→ Recorded information
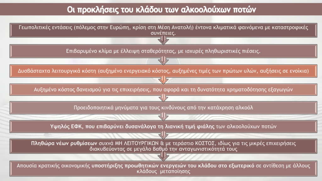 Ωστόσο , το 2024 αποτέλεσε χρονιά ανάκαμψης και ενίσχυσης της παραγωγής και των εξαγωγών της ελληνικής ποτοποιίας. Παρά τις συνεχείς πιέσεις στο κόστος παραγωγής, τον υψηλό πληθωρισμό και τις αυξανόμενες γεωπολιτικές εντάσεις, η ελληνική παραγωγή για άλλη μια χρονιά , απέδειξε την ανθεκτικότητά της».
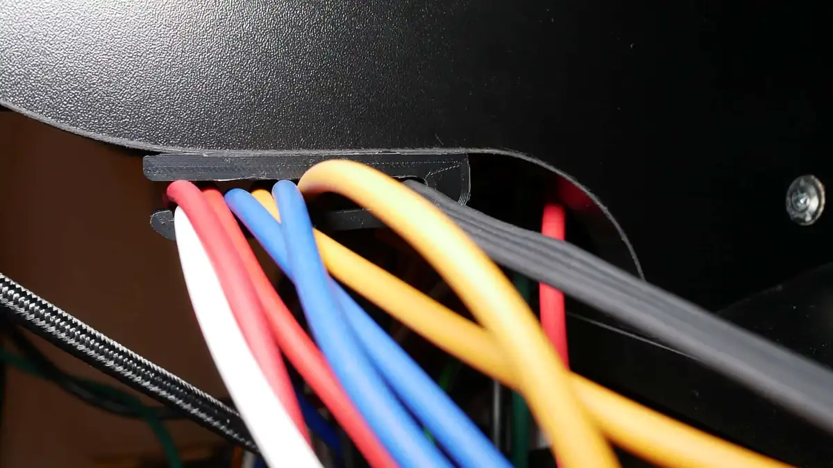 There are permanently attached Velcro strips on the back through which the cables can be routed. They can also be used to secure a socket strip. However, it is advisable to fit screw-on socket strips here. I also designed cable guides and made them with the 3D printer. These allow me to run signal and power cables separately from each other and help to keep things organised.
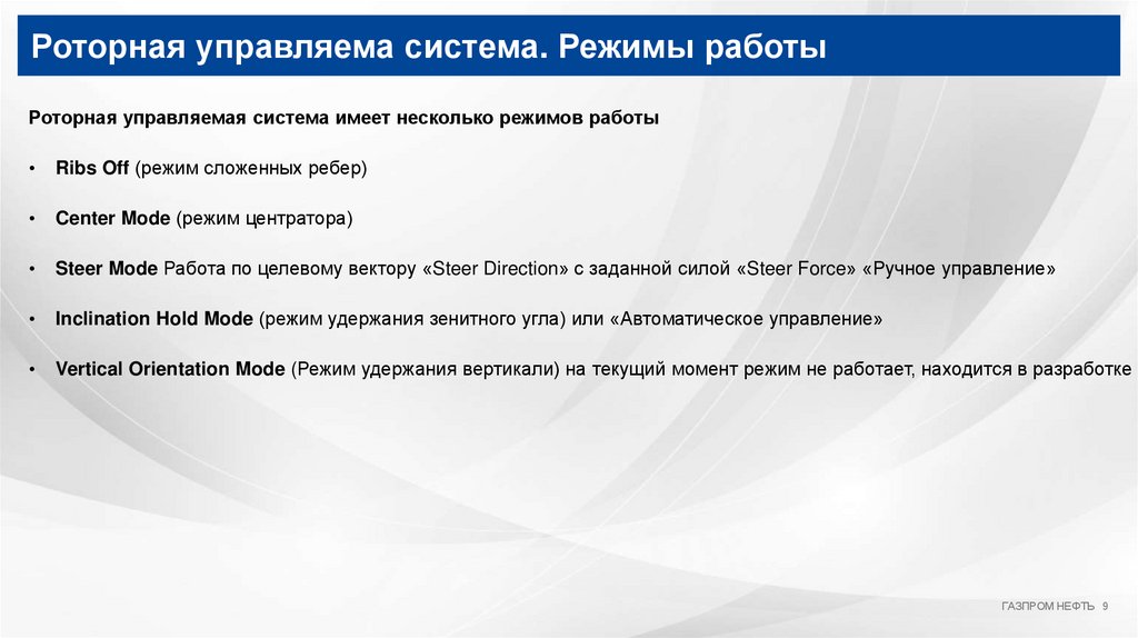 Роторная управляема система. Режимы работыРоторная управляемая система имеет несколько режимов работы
==
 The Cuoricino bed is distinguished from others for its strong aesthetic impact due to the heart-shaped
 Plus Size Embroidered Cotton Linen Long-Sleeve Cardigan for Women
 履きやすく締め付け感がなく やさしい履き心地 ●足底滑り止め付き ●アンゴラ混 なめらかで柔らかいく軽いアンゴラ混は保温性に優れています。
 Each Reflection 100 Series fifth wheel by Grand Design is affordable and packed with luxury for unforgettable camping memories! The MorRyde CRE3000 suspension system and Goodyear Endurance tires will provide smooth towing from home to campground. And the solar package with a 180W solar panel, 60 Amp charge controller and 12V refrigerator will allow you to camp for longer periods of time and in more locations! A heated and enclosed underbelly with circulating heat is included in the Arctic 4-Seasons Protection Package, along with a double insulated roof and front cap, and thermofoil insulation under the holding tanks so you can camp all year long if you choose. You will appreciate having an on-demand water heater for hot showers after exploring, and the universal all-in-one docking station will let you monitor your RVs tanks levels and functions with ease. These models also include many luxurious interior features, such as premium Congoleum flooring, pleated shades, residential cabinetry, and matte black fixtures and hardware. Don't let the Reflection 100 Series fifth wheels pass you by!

→ Task prompt
In the listing above, find the line containing "The Cuoricino bed" and the line containing "履きやすく締め付け感がなく やさしい履き心地 ●足底滑り止め付き", then repeat those two lines and everything between them exactly.

→ Reply to the task
 The Cuoricino bed is distinguished from others for its strong aesthetic impact due to the heart-shaped
 Plus Size Embroidered Cotton Linen Long-Sleeve Cardigan for Women
 履きやすく締め付け感がなく やさしい履き心地 ●足底滑り止め付き ●アンゴラ混 なめらかで柔らかいく軽いアンゴラ混は保温性に優れています。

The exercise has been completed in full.